## INFORMATION SHOWN
# # # # # # #

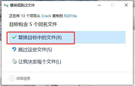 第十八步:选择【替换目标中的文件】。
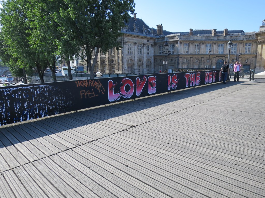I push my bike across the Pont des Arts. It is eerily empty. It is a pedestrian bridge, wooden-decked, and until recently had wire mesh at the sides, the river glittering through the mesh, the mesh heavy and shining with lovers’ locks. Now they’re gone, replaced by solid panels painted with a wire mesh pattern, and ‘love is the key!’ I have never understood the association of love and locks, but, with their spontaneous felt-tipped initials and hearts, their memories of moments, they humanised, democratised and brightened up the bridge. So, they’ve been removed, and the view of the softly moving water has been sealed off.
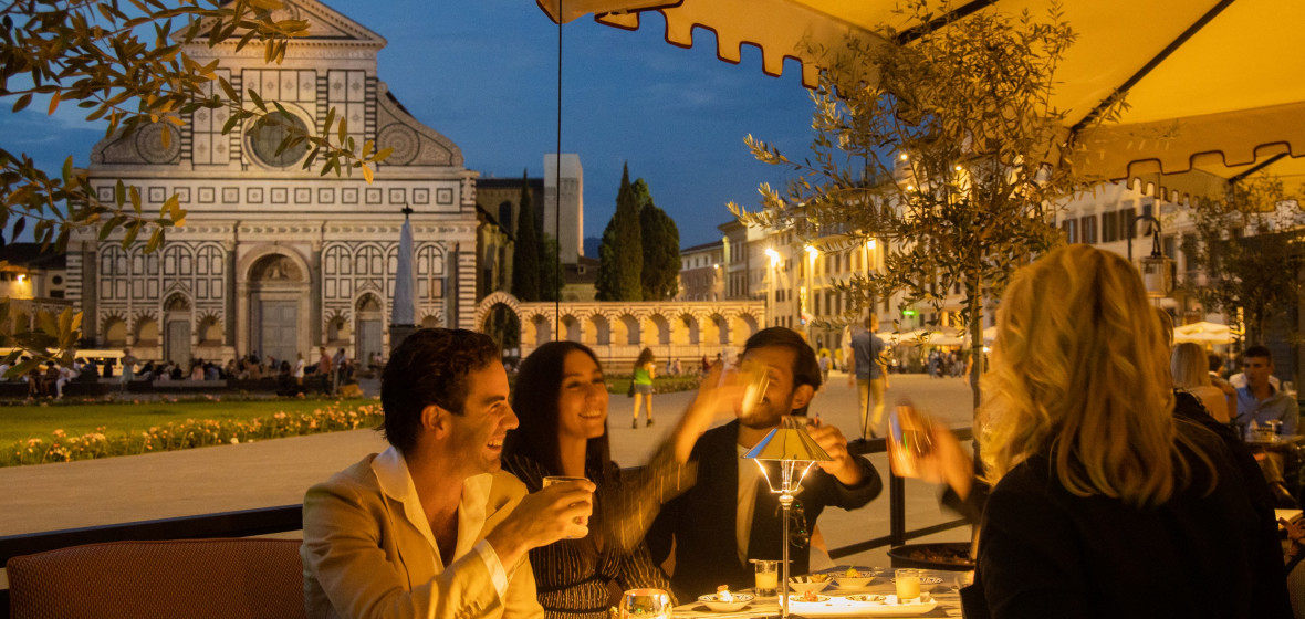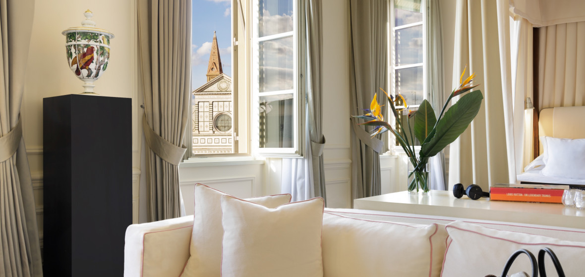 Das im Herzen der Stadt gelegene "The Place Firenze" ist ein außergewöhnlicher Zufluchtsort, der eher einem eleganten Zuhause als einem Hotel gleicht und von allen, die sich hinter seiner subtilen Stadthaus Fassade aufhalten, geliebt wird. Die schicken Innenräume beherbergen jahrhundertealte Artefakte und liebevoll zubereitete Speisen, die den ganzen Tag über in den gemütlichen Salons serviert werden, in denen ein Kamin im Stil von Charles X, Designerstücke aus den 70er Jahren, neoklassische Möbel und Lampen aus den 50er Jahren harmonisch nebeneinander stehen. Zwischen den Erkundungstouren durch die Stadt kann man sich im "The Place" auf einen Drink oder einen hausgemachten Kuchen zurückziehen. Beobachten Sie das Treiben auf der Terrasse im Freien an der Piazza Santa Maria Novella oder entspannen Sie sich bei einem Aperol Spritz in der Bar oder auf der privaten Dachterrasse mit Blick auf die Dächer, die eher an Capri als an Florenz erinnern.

# # # # # # #

Your response must reproduce every line of the data exactly, with images omitted.

 第十八步:选择【替换目标中的文件】。
I push my bike across the Pont des Arts. It is eerily empty. It is a pedestrian bridge, wooden-decked, and until recently had wire mesh at the sides, the river glittering through the mesh, the mesh heavy and shining with lovers’ locks. Now they’re gone, replaced by solid panels painted with a wire mesh pattern, and ‘love is the key!’ I have never understood the association of love and locks, but, with their spontaneous felt-tipped initials and hearts, their memories of moments, they humanised, democratised and brightened up the bridge. So, they’ve been removed, and the view of the softly moving water has been sealed off.
 Das im Herzen der Stadt gelegene "The Place Firenze" ist ein außergewöhnlicher Zufluchtsort, der eher einem eleganten Zuhause als einem Hotel gleicht und von allen, die sich hinter seiner subtilen Stadthaus Fassade aufhalten, geliebt wird. Die schicken Innenräume beherbergen jahrhundertealte Artefakte und liebevoll zubereitete Speisen, die den ganzen Tag über in den gemütlichen Salons serviert werden, in denen ein Kamin im Stil von Charles X, Designerstücke aus den 70er Jahren, neoklassische Möbel und Lampen aus den 50er Jahren harmonisch nebeneinander stehen. Zwischen den Erkundungstouren durch die Stadt kann man sich im "The Place" auf einen Drink oder einen hausgemachten Kuchen zurückziehen. Beobachten Sie das Treiben auf der Terrasse im Freien an der Piazza Santa Maria Novella oder entspannen Sie sich bei einem Aperol Spritz in der Bar oder auf der privaten Dachterrasse mit Blick auf die Dächer, die eher an Capri als an Florenz erinnern.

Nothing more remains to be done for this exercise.